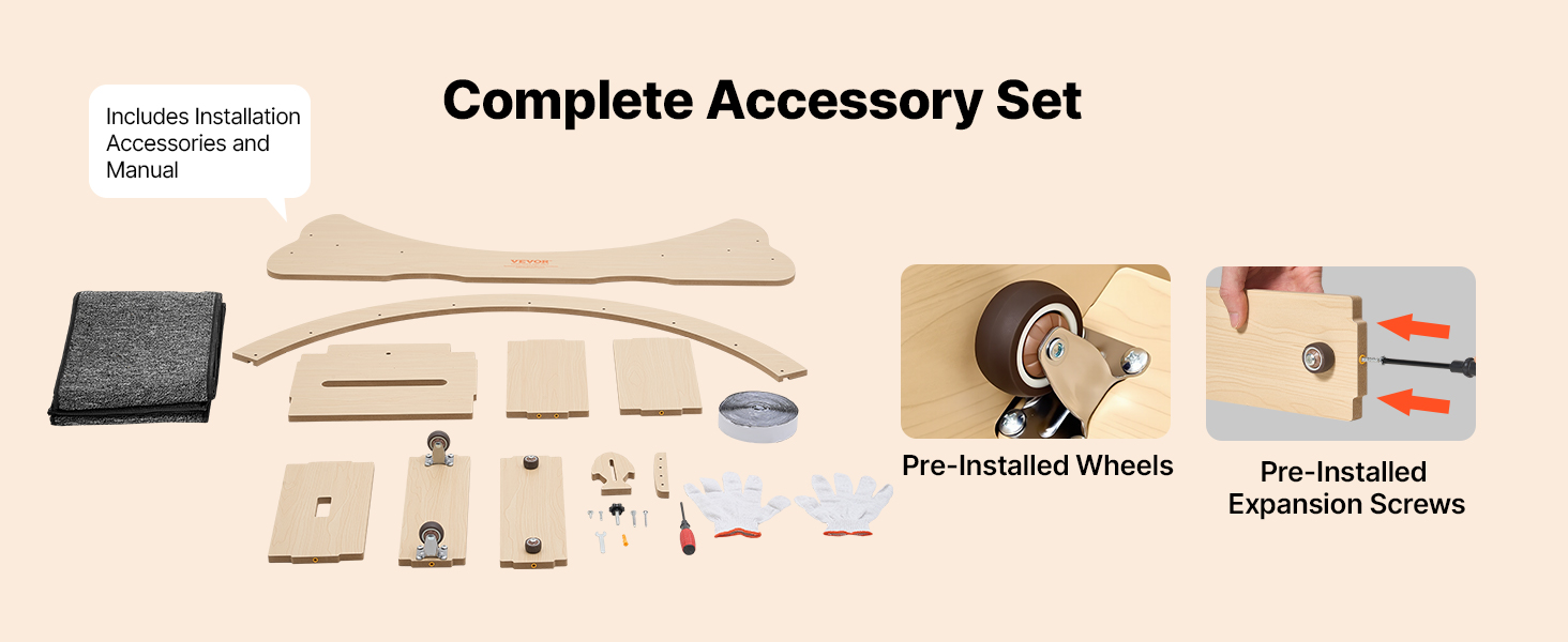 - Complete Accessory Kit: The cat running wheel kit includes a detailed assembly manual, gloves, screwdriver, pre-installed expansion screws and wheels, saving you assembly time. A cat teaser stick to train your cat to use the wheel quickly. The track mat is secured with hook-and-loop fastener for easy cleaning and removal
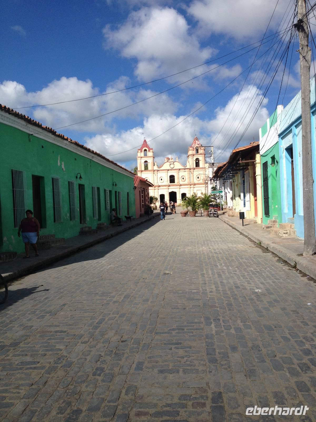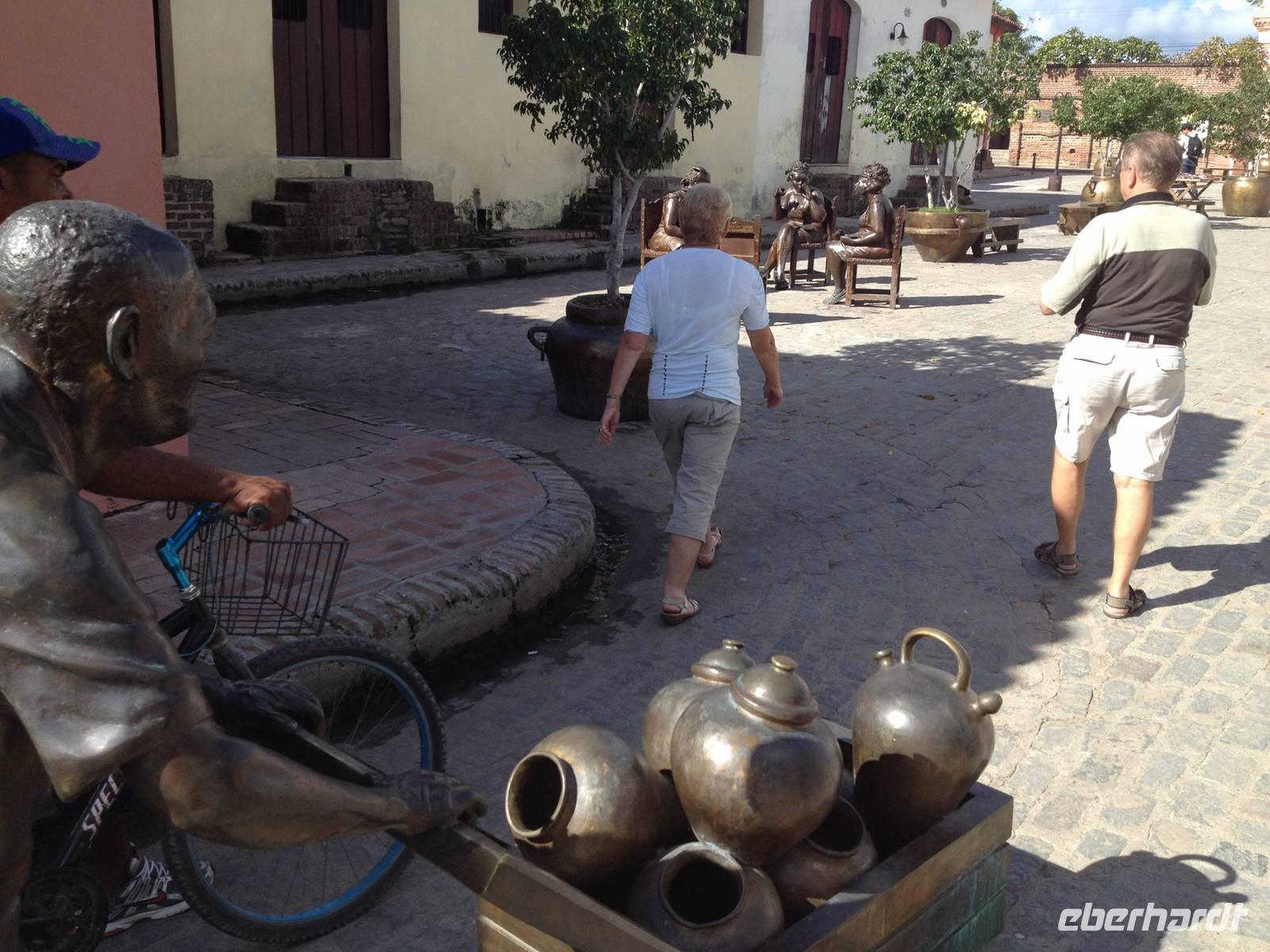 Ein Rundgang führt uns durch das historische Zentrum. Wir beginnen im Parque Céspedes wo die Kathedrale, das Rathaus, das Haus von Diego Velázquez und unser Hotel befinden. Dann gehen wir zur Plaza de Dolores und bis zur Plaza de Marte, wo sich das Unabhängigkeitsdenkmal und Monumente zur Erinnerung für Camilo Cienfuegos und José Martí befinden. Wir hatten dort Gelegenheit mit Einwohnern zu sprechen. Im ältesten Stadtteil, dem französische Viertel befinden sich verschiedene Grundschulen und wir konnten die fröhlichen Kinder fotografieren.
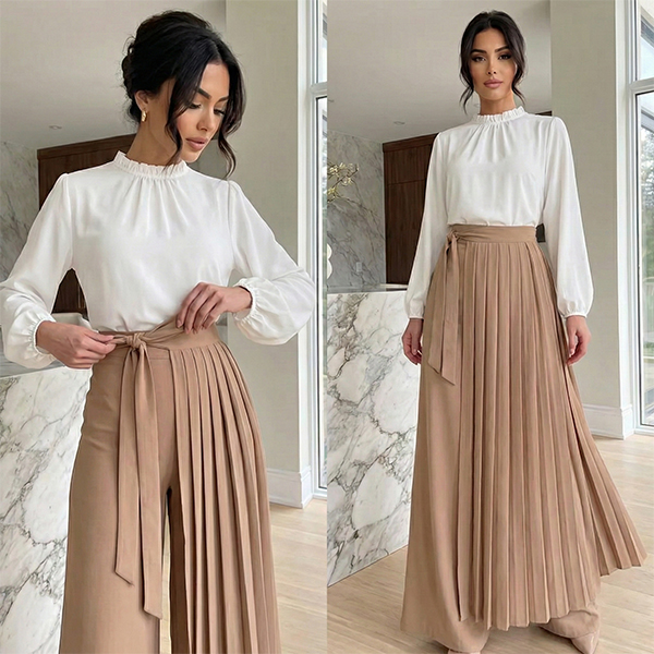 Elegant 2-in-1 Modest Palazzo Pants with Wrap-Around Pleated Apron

- **Exercise objective**:
Starting at the line that contains "Ein Rundgang führt", retype each line through the end of the data exactly, and leave out every picture.

- **Answer for the task**:
 Ein Rundgang führt uns durch das historische Zentrum. Wir beginnen im Parque Céspedes wo die Kathedrale, das Rathaus, das Haus von Diego Velázquez und unser Hotel befinden. Dann gehen wir zur Plaza de Dolores und bis zur Plaza de Marte, wo sich das Unabhängigkeitsdenkmal und Monumente zur Erinnerung für Camilo Cienfuegos und José Martí befinden. Wir hatten dort Gelegenheit mit Einwohnern zu sprechen. Im ältesten Stadtteil, dem französische Viertel befinden sich verschiedene Grundschulen und wir konnten die fröhlichen Kinder fotografieren.
 Elegant 2-in-1 Modest Palazzo Pants with Wrap-Around Pleated Apron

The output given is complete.